Dataset excerpts:

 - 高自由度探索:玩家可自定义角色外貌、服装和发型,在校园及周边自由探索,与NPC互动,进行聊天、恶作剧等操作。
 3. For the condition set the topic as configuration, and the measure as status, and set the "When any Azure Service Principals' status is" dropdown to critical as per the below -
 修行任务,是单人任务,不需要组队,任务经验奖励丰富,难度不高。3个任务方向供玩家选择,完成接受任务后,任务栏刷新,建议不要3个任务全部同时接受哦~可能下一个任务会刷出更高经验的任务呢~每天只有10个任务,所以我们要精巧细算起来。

==

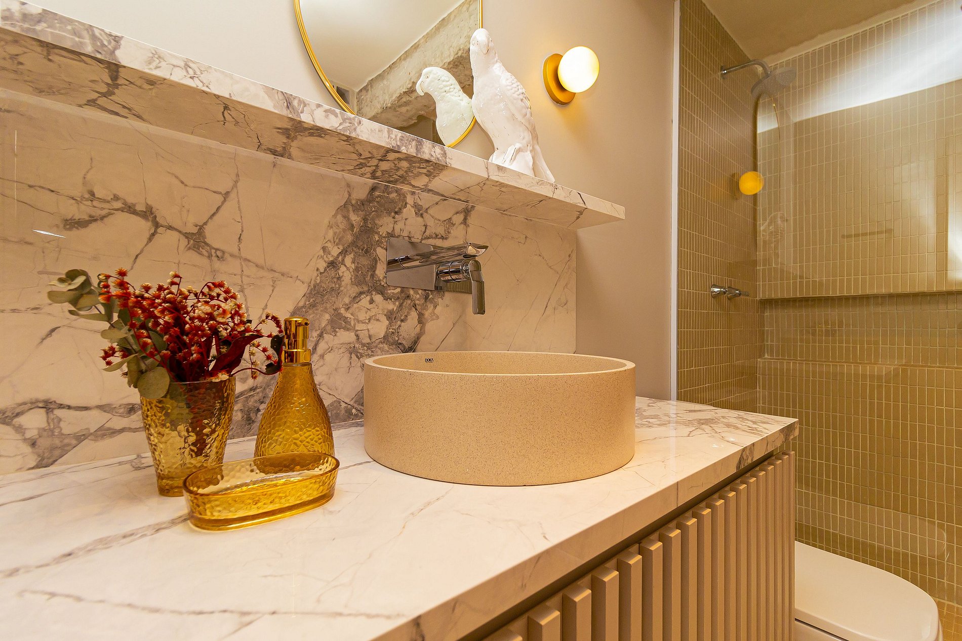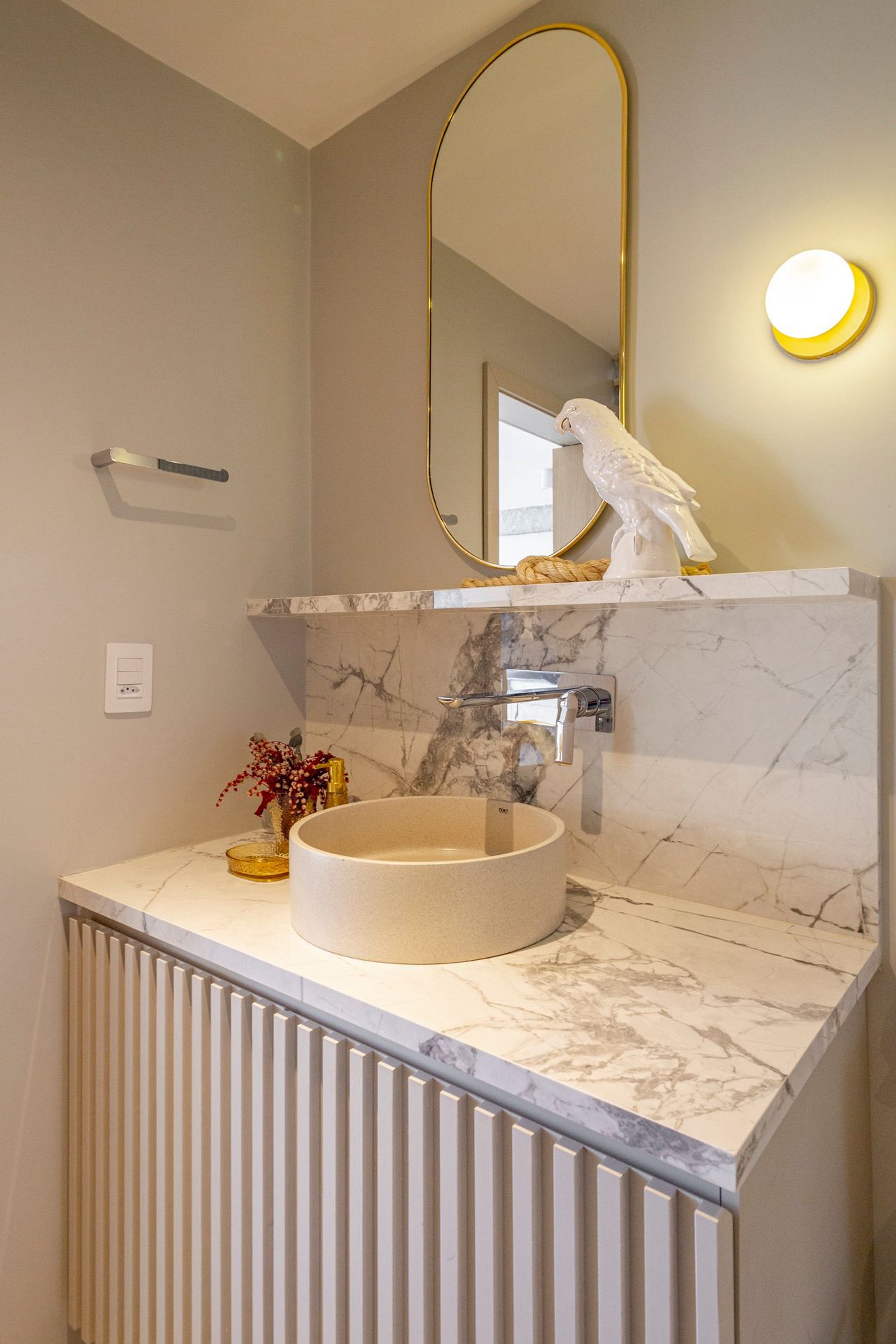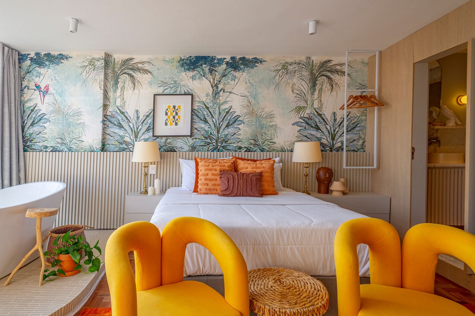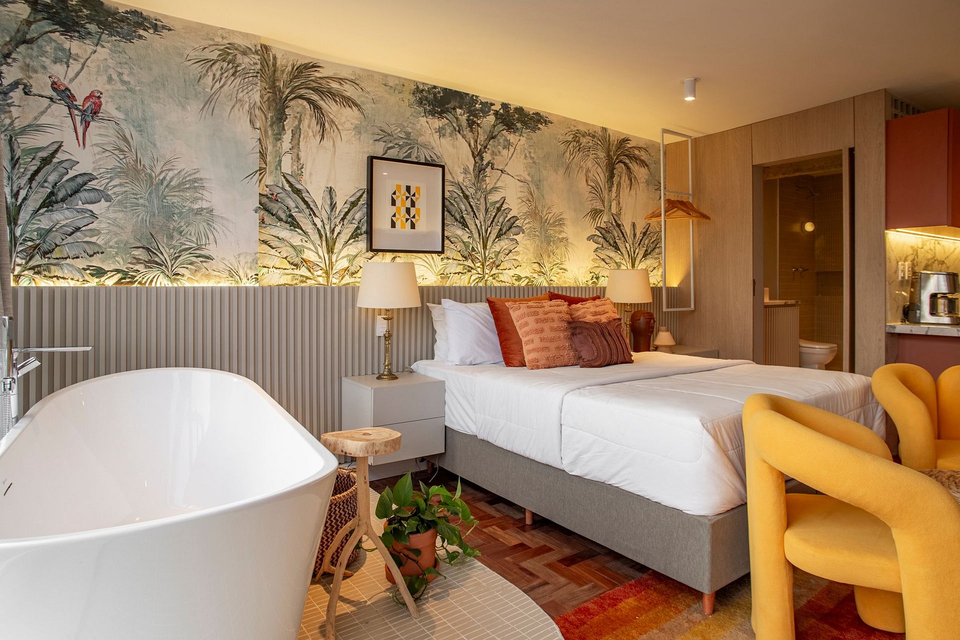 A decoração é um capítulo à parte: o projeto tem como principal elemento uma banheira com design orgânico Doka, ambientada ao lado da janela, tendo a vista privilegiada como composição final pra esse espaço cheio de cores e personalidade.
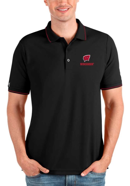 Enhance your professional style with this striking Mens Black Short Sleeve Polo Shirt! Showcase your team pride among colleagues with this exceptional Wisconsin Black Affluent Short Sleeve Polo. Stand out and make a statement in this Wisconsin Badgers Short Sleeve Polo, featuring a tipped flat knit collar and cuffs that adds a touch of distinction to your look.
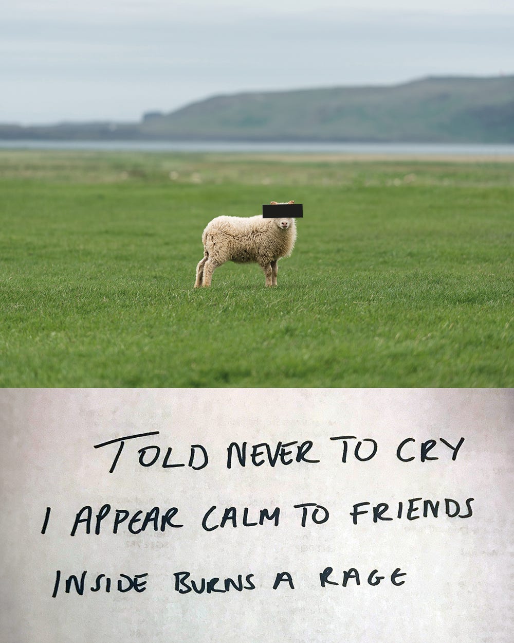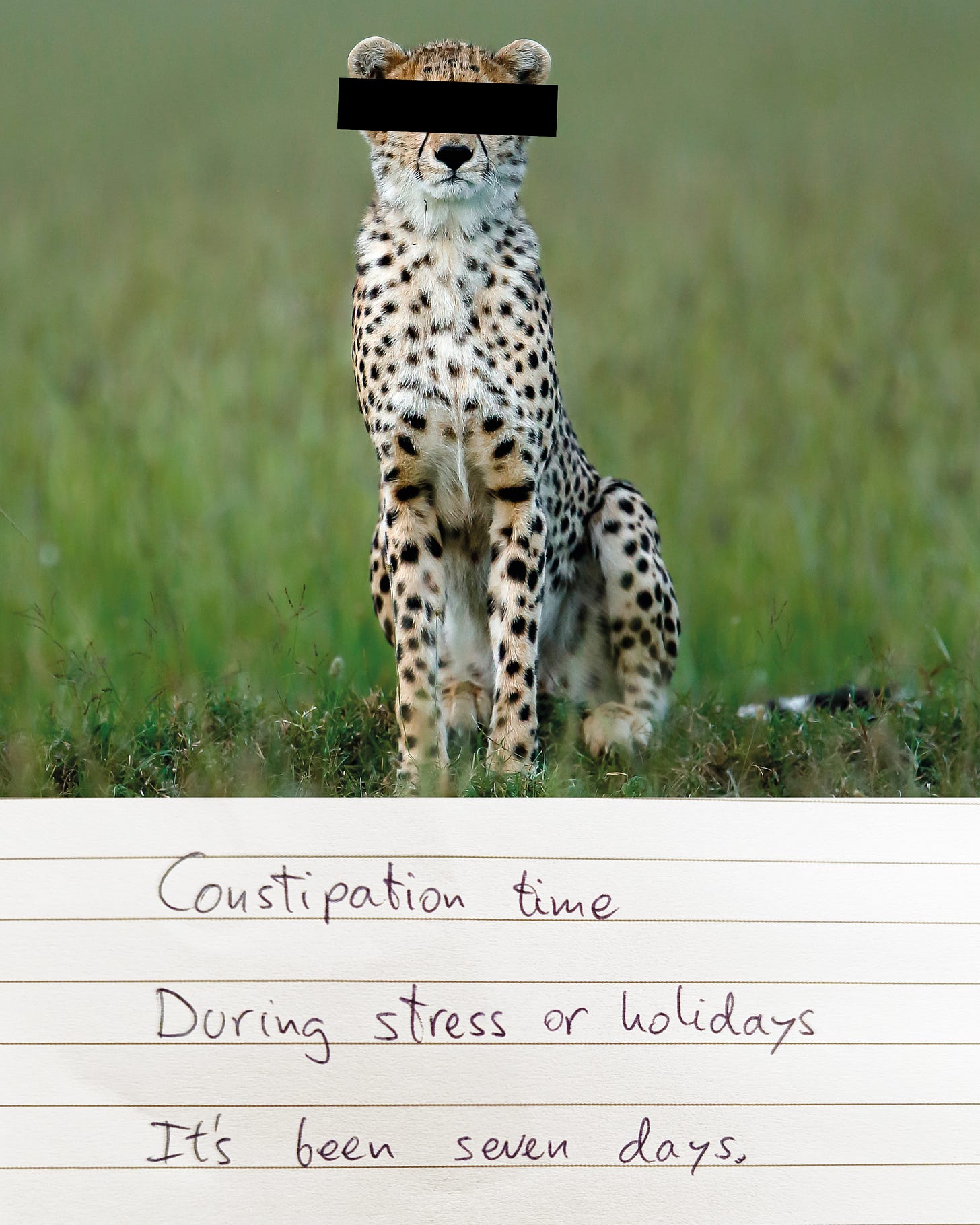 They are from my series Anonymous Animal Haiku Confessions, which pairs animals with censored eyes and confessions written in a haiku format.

Your objective:
From the material above, output only the span of lines that starts at the one containing "A decoração é" and finishes at the one containing "They are from", word for word and free of pictures.

Task answer:
 A decoração é um capítulo à parte: o projeto tem como principal elemento uma banheira com design orgânico Doka, ambientada ao lado da janela, tendo a vista privilegiada como composição final pra esse espaço cheio de cores e personalidade.
 Enhance your professional style with this striking Mens Black Short Sleeve Polo Shirt! Showcase your team pride among colleagues with this exceptional Wisconsin Black Affluent Short Sleeve Polo. Stand out and make a statement in this Wisconsin Badgers Short Sleeve Polo, featuring a tipped flat knit collar and cuffs that adds a touch of distinction to your look.
 They are from my series Anonymous Animal Haiku Confessions, which pairs animals with censored eyes and confessions written in a haiku format.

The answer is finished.